Saturday, January 16, 2010

Learning to let go

The first things I wrote with an eye to publication weren't creative, they were academic. (Okay, maybe they were a little creative. When you write an article arguing for a broadening of the first amendment right to freedom of speech and you title it "Lex and the City," it is, to some extent, a creative endeavor.) My point is, the process of writing was an entirely different one. There was no question that research would be involved, only of how much. There were footnotes. Entire many-legged creatures worth of footnotes. Headings and subheadings. The writing process was a rigid one, full of rules to be followed and formats to be honored.

And so when I started writing stories, I followed the same process that I was used to. I didn't have footnotes and subheadings, but I had control. I agonized over word choice and sentence placement, and didn't move on until I knew that what I had could support what happened next. Which meant that, on a good day, I'd write about 300 words. 

Now, writing 300 words a day, every day, means you've written a novel and change a year. So that's great. But those 300 words were a good day, and the days weren't all good. 

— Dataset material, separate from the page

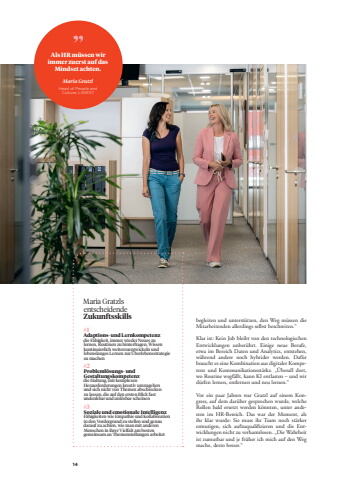 14begleiten und unterst%u00fctzen, den Weg m%u00fcssen die Mitarbeitenden allerdings selbst beschreiten.%u201cKlar ist: Kein Job bleibt von den technologischen Entwicklungen unber%u00fchrt. Einige neue Berufe, etwa im Bereich Daten und Analytics, entstehen, w%u00e4hrend andere noch hybrider werden. Daf%u00fcr braucht es eine Kombination aus digitaler Kompetenz und Kommunikationsst%u00e4rke. %u201e%u00dcberall dort, wo Routine wegf%u00e4llt, kann KI entlasten %u2013 und wir d%u00fcrfen lernen, entlernen und neu lernen.%u201cVor ein paar Jahren war Gratzl auf einem Kongress, auf dem dar%u00fcber gesprochen wurde, welche Rollen bald ersetzt werden k%u00f6nnten, unter anderem im HR-Bereich. Das war der Moment, als ihr klar wurde: Sie muss ihr Team noch st%u00e4rker ermutigen, sich aufzuqualifizieren und die Entwicklungen nicht zu verharmlosen. %u201eDie Wahrheit ist zumutbar und je fr%u00fcher ich mich auf den Weg mache, desto besser.%u201cMaria Gratzls entscheidende Zukunftsskills#1 Adaptions- und Lernkompetenzdie F%u00e4higkeit, immer wieder Neues zu lernen, Routinen zu hinterfragen, Wissen kontinuierlich weiterzuentwickeln und lebenslanges Lernen zur %u00dcberlebensstrategie zu machen#2 Probleml%u00f6sungs- und Gestaltungskompetenzdie Haltung, mit komplexen Herausforderungen kreativ umzugehen und sich nicht von Themen abschrecken zu lassen, die auf den ersten Blick fast undenkbar und unl%u00f6sbar scheinen #3 Soziale und emotionale IntelligenzF%u00e4higkeiten wie Empathie und Kollaboration in den Vordergrund zu stellen und genau darauf zu achten, wie man mit anderen Menschen in ihrer Vielfalt am besten gemeinsam an Themenstellungen arbeitet Als HR m%u00fcssen wir immer zuerst auf das Mindset achten.Maria GratzlHead of People and Culture, LIWEST

Thankfully, my process has evolved. The first major change was Clarion. I learned that if I wanted to get a story a week in, and keep up with the critiques for my classmates, and have time to be social, and to think about eating and or sleeping, I needed to write more when I sat down to write. And I began to let go of the idea that perfection, or at least a close approximation thereof, was necessary before I could move on to the next sentence. And yes, it helped that I was in the environment of a writing workshop where everyone else was under the same pressures, where it was acceptable to turn in a story with bracketed scenes because you knew what had to happen at that point, but not how to write it yet.

The other major thing that has helped me, is that I've learned to trust my writing. I can recognize when a scene is almost there, and move to the next point, because I know I can turn the almost into there in the revision process. And I've begun to be able to cut myself the slack I need to go off down the wrong road, or at least to take an extended frolic and detour in search of the right one. It's not quite a shut off of my internal editor - my internal editor speaks in the voice of a Benedictine nun, and has not taken a vow of silence - but it's an understanding that if I jump, the story will be there to catch me.

And, oddly enough, the coolest thing about relaxing the need for perfection in the first draft has meant that, not only am I able to get more words on the page when I sit down to write, but it's also a better story, one that's more honest and less concerned with being anything other than what it needs to be.